WHAT THE EXERCISE ASKS » Pictures excluded, output the lines of the data below between the one holding "空气设备处理安装检验批质量验收记录)(净化空调系统)" and the one holding "只是手機怎麼會從六支進化到九", inclusive, exactly as they stand.
(Beginning of DATASET ENTRIES)
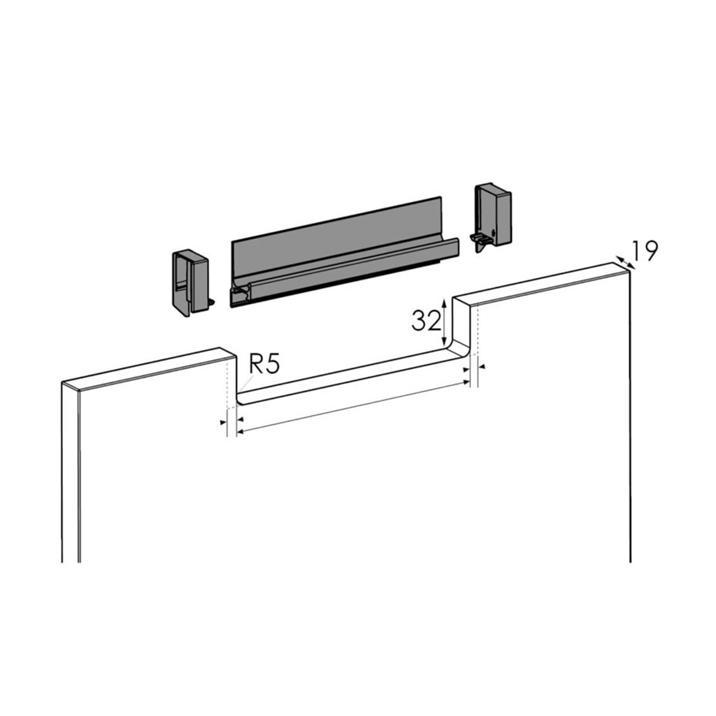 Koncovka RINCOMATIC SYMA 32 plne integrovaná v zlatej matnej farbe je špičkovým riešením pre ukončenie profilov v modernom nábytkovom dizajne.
(End of DATASET ENTRIES)
(Beginning of DATASET ENTRIES)
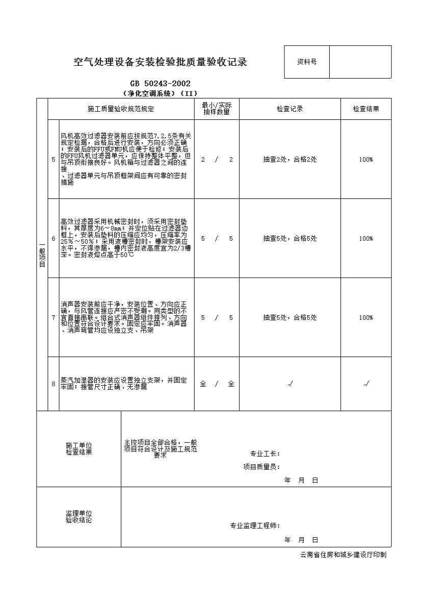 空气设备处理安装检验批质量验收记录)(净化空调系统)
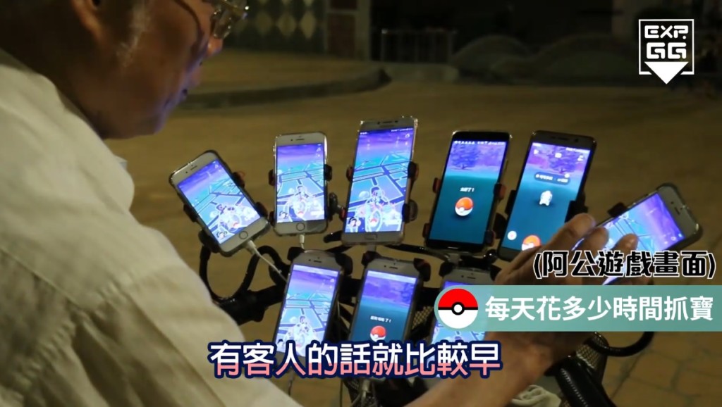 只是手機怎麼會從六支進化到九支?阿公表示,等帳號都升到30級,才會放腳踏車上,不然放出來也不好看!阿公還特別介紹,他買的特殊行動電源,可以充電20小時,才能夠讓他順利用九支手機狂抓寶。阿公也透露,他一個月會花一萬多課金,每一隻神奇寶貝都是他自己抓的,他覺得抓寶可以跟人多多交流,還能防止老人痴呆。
(End of DATASET ENTRIES)
TASK RESULT »
 空气设备处理安装检验批质量验收记录)(净化空调系统)
 只是手機怎麼會從六支進化到九支?阿公表示,等帳號都升到30級,才會放腳踏車上,不然放出來也不好看!阿公還特別介紹,他買的特殊行動電源,可以充電20小時,才能夠讓他順利用九支手機狂抓寶。阿公也透露,他一個月會花一萬多課金,每一隻神奇寶貝都是他自己抓的,他覺得抓寶可以跟人多多交流,還能防止老人痴呆。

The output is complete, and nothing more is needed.